What will it cost for a greener energy industry?
Hindsight — like the oil industry’s presumed negotiating position in developing the next generation of greenhouse gas emissions regulations in Alberta — is 20/20.
In retrospect, allowing the presumptive negotiating positions of the industry and the federal and Alberta governments to get into the media even as the three groups continue to negotiate the regulatory infrastructure to meet Canada’s CO2 emission targets may have been a major miscalculation.
At stake are billions of dollars and Canada’s international reputation. Regardless of who provided the information — and it’s open to speculation and conspiracy theories from Edmonton to Ottawa — the job of developing the new standards got much tougher and a lot more public for the parties involved now that it’s out in the open.
Premier Alison Redford is in Washington this week to seek support for the Keystone XL pipeline, but much of her time has been spent downplaying reports Alberta wants to hike its current levy on carbon dioxide emissions to $40 per tonne and mandate a 40 per cent improvement in emissions per barrel.
She’s repeatedly denied Alberta’s seeking a 40/40 solution.
There’s no “magic number,” Redford said Wednesday.
On her trip, the premier has highlighted Alberta’s $15-per-tonne levy on large industrial emitters that do not meet a 12 per cent intensity reduction target. But her government is also acknowledging the standards introduced five years ago may need to be raised. Governments in Canada had to let it be known they are enhancing environmental regulations to help mitigate the inevitable criticism should President Barack Obama approve the 825,000-barrela-day Keystone XL pipeline from the oilsands to the Gulf of Mexico.
It’s debatable whether stories in the Canadian media are the best way to message U.S. policy-makers but it is undeniable the status quo isn’t going to suffice for Alberta and Ottawa to meet their commitments to reduce GHG emissions by 2020.
The Canadian Association of Petroleum Producers isn’t saying anything about reports it’s put forward a 20/20 proposal. Environment Canada has also refused to comment on a reported 30/30 option from the federal government.
Industry sources — who acknowledged the reported pricing and reduction options are on the table — said it wasn’t part of CAPP’s game plan to see complex public policy discussions play out in the media. That’s hardly surprising.
If Alberta doesn’t get a 40/40 regime — regardless of Redford’s protestations — it will appear it has again relented to industry pressure.
That’s a bigger deal than it used to be.
The oilsands industry is at almost two million barrels a day of production so it isn’t seeking a social licence to operate as much as it needs a “social licence to export” carbonintense oil, said Bob Page, former chairman of the now disbanded National Roundtable of Energy and the Environment and a professor at the University of Calgary’s Haskayne School of Business.
“The social licence is being given by the country importing the oil,” Page said.
Ottawa is expected to deliver its GHG regulations for oil and gas producers this summer while Alberta’s current regime expires in 2014. The oilsands represent about 6.5 per cent of Canada’s GHGs but they’re the fastest growing source of emissions.
They’re also the backbone of the Alberta and, increasingly, Canadian economies.
The industry has seen multibillion projects cancelled this spring because of poor economics so there is bound to be opposition to plans which raise costs and put investments in jeopardy in an already high-cost basin.

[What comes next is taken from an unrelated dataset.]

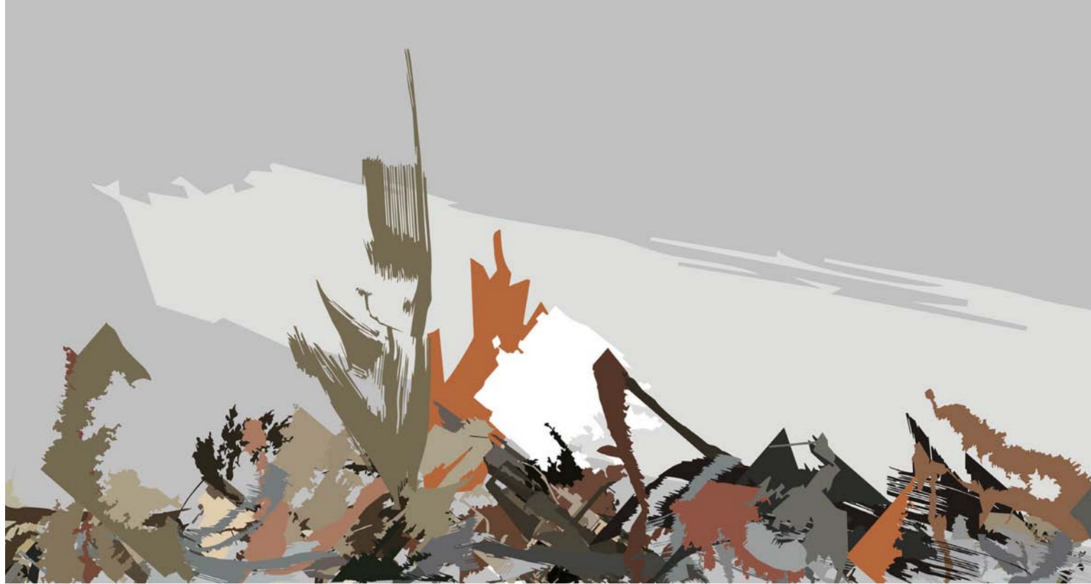
من أعمال الفنان الراحل أحمد الربيعي

استنتج الباحثون من سلسلة مطولة من التجارب العلمية أن ما يولده التكايف في الألفاظ والاستغلال الأكبر للمساحة البيضاء بالمادة المطبوعة تسبب الخرق أو الضيق والنفور نفسه الذي يسببها البياض المبالغ فيه أو الموضوع في غير محله. وتبقى التجارب والتساؤلات تتبادل الأدوار في اعتلاء عرش التفوق من ناحيتي الشكل والمعنى للنص الحديث وببساطة النثري.

Oilsands producers are not a homogeneous group and some use a $40 “shadow price” for C02 emissions so there will be divisions with CAPP’s members as it tries to put forward terms that best accommodate the majority of companies.
Meanwhile, speculation about the negotiations is public fodder.
A 40/40 scheme would add 75 to 80 cents per barrel of bitumen on a typical SAGD project, according to estimates. Given that discounts on Western Canadian heavy oil have been between $25 and $40 a barrel in recent months an added cost of less than a $1 per barrel to improve market access appears a small price to pay.
Investment firm FirstEnergy Capital said this week “we would view such a trade-off (slightly higher costs vs. much more security regarding heavy oil differentials and thus revenues in the longer term) as a net positive for oilsands producers.”
Compare that assessment with the visceral reaction to the Alberta government’s proposed — eventually rescinded — royalty increase in 2007.
The Pembina Institute just released a report that suggested something close to 40/40 as a starting point but noted that won’t get Canada to its GHG targets. The environmental group suggests that fees rise to at least $100 per tonne and calculates it would cost less $3 per barrel.
“You can clearly point to the costs associated with the loss of market access,” said Pembina’s Simon Dyer. “For a very low per-barrel cost, government and industry could make a lot of these issues go away.”
Now that numbers — accurate or not — are in the public realm, industry and governments face an issue in that the cost of doing business in a more environmentally acceptable manner doesn’t seem all that high.